[RFC] Target CPU and features for module-level inline assembly

Background

LLVM LTO constructs a symbol table for an LLVM IR file by scanning its contents. This process includes a scan of module-level inline assembly for referenced symbols and symbol versions. This process involves parsing the inline assembly.

The target CPU and feature set are both inputs to the asm parse, and these inputs can arbitrarily influence asm parsing. Unfortunately, the IR symbol table is produced from an IR module in a wide variety of contexts, only some of which have access to the actual CPU and target feature set. For this reason, the ModuleSymbolTable summarily constructs an assembly parser using the empty string as both CPU and feature set.

This results in LTO scan of module-level inline assembly does not respect CPU · Issue #67698 · llvm/llvm-project · GitHub, which produces spurious error messages whenever features not in the base target are used in module -level inline assembly during LTO. Since the parse fails, any referenced symbols are also not included in the symbol table for the module.

Proposal

I looked into fixing this today by trying to extract CPU and feature information from the environment, but it seems to be a broadly expected property of the architecture that a module has a symbol table that can be extracted with little supporting information. That seems like a very desirable property to maintain.

Accordingly, it seems like the most straightforward fix this would be to bundle the information necessary to produce a symbol table into the LLVM IR somehow. The smallest version of this would be just the CPU name and a feature string, so I’d propose these as something to accompany module-level inline asm at the top level.

This, of course, opens up a whole can of worms, since the CPU and feature strings could conflict, either between linked modules or between a module and the flags of the link step. It also doesn’t seem desirable to build something much more heavyweight than the value gained; but the status quo here does seem quite surprising.

Another, hackier, idea would be to have clang etc. encode this information into the inline assembly itself using something like a .llvm-cpu or .llvm-features directive. This would be more limited in scope and much easier to merge (just string concatenation on the inline asm), but I haven’t thought much about this one yet; just something that occurred to me as I was typing this up.

Anyway, I just wanted to put this out to see if 1) if this issue was known and/or discussed somewhere I couldn’t find, and 2) if it seems like this semantic wrinkle is worth ironing out, given the options available.

IMO, we need to stop scanning inline asm from LLVM IR to generate a symbol table. It causes really weird layering artifacts, and has long seemed unfortunate and in need of change, but this issue just adds more reason to do so.

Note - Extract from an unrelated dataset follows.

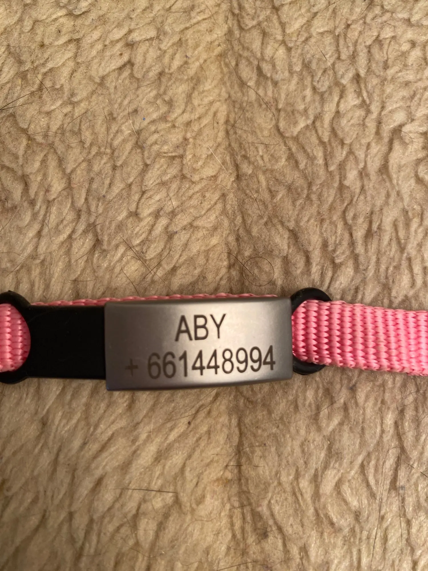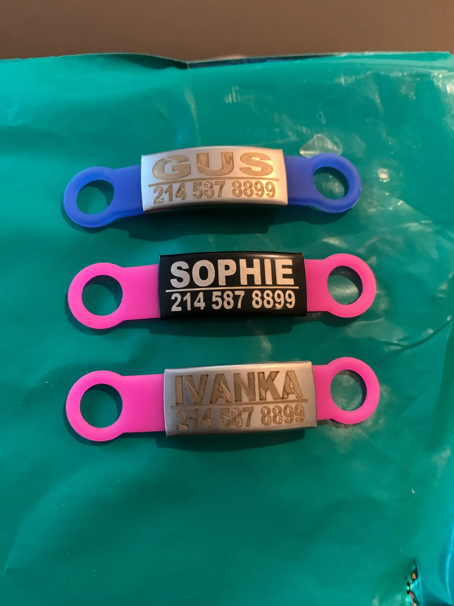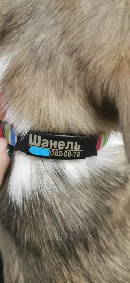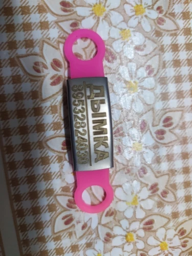 Метка хорошая. Надпись четкая, правильная. Спасибо исполнителю и продавцу. Одно смущает: слишком мал диаметр прорези для ошейника-8 мм.Правда, силикон хорошо растягивается. В крайнем случае, если не наденется на ошейник, можно пришить к нему.

That does mean that we need another solution to achieve LTO’s requirements.

My suggestion: have the IR-producer encode the list of symbols into the IR. In Clang’s case, that will mean doing similar asm scanning, but it will be done at IR generation, not IR parsing, which IMO makes a lot more sense, and, also, avoids the problem presented here.

2 Likes

My suggestion: have the IR-producer encode the list of symbols into the IR. In Clang’s case, that will mean doing similar asm scanning, but it will be done at IR generation, not IR parsing, which IMO makes a lot more sense, and, also, avoids the problem presented here.

I like this a lot. This does mean that there would ultimately be two sources of truth: the asm itself and the derived symbol data structure, to be kept in sync as IR is processed. It also seems that with an approach like this function-level inline asm could eventually be in-scope; have to think more about that.

The rollout would also be a bit tricky, since frontends currently depend on general LLVM IR manipulation routines doing this scan. I suppose that just means we’d need to keep the asm scan code around indefinitely to use whenever the symbol information hasn’t been populated.

kept in sync as IR is processed

IR processing doesn’t touch the content of inline-asm strings, so there should be no need to keep in sync here.

The rollout would also be a bit tricky, since frontends currently depend on general LLVM IR manipulation routines doing this scan.

I think we should keep the asm-scan code around to deal with old bitcode versions for 2-3 releases, and then delete it. (And, yes, that breaks things like archive search for old bitcode with inline-asm. I think that’s an acceptable tradeoff after a migration period).

But for frontends generating new bitcode with inline asm, they should be required to populate the symbol list sooner, not let them silently fallback to the current scanning. I bet this doesn’t actually affect most frontends other than Clang.

Considering that Clang already has a dependency on assembly parsing to support Intel / Microsoft style asm blocks, asking the frontend to do this parse and add a list of referenced symbols makes sense.

I agree that, ultimately, Clang is probably the only frontend that will care.

BTW, from a quick search, I see two other frontends that would need to be updated:

  • Rust emits module-level inline-asm from user-specified global asm, just like Clang; so it would need to invoke the asm-scanner to get a symbol list just as clang does.
  • The LDC D compiler emits module-level inline-asm, but defines the function-name itself, so it can just add that to a list.